Leave out the pictures, and retype only the lines from the beginning of the material through the line that contains "Bút Ký Đốt Trúc", including both.

▸ RECORDED DATA:
···

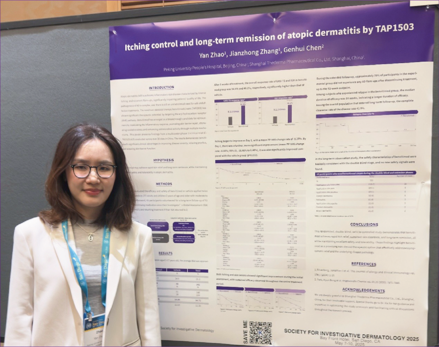 2025年第82屆美國皮膚病研究學(xué)會年會(SID)于5月7日至10日在美國圣地亞哥舉行,來自北京大學(xué)人民醫(yī)院趙琰教授關(guān)于澤立美本維莫德乳膏治療特應(yīng)性皮炎的確證性臨床研究數(shù)據(jù)重磅亮相本次年會。這是首個且唯一針對中國人群的研究,展示了澤立美本維莫德乳膏在速效止癢、療效持久及安全性方面的顯著優(yōu)勢。
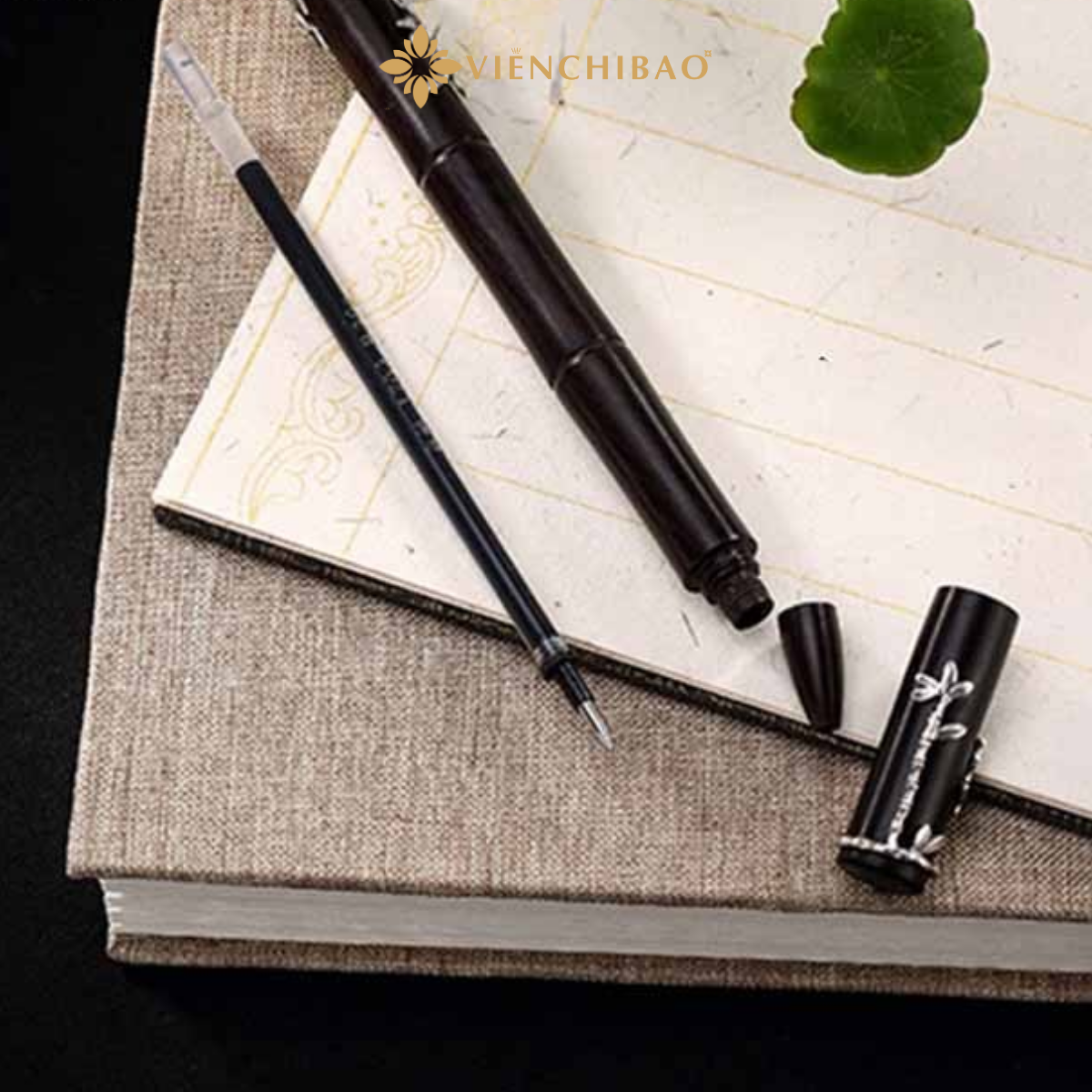 Bút Ký Đốt Trúc Bọc Bạc được chế tác tỉ mỉ với từng chi tiết mang đậm phong vị truyền thống. Thân bút được làm từ gỗ mun đen tự nhiên cao cấp, loại gỗ nổi tiếng bởi độ cứng, độ bóng và gam màu huyền bí. Các khớp “đốt trúc” được khắc nổi tinh tế, mô phỏng hình dáng cây trúc – biểu tượng của sự chính trực và kiên cường.
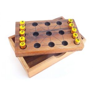 MATH MIND PUZZLES + 1 BOARD GAME TIC-TAC-TOE CHALLENGES: 1.Place the pegs 1-9 in the central square to obtain the

···

▸ SOLUTION TO THE EXERCISE:
 2025年第82屆美國皮膚病研究學(xué)會年會(SID)于5月7日至10日在美國圣地亞哥舉行,來自北京大學(xué)人民醫(yī)院趙琰教授關(guān)于澤立美本維莫德乳膏治療特應(yīng)性皮炎的確證性臨床研究數(shù)據(jù)重磅亮相本次年會。這是首個且唯一針對中國人群的研究,展示了澤立美本維莫德乳膏在速效止癢、療效持久及安全性方面的顯著優(yōu)勢。
 Bút Ký Đốt Trúc Bọc Bạc được chế tác tỉ mỉ với từng chi tiết mang đậm phong vị truyền thống. Thân bút được làm từ gỗ mun đen tự nhiên cao cấp, loại gỗ nổi tiếng bởi độ cứng, độ bóng và gam màu huyền bí. Các khớp “đốt trúc” được khắc nổi tinh tế, mô phỏng hình dáng cây trúc – biểu tượng của sự chính trực và kiên cường.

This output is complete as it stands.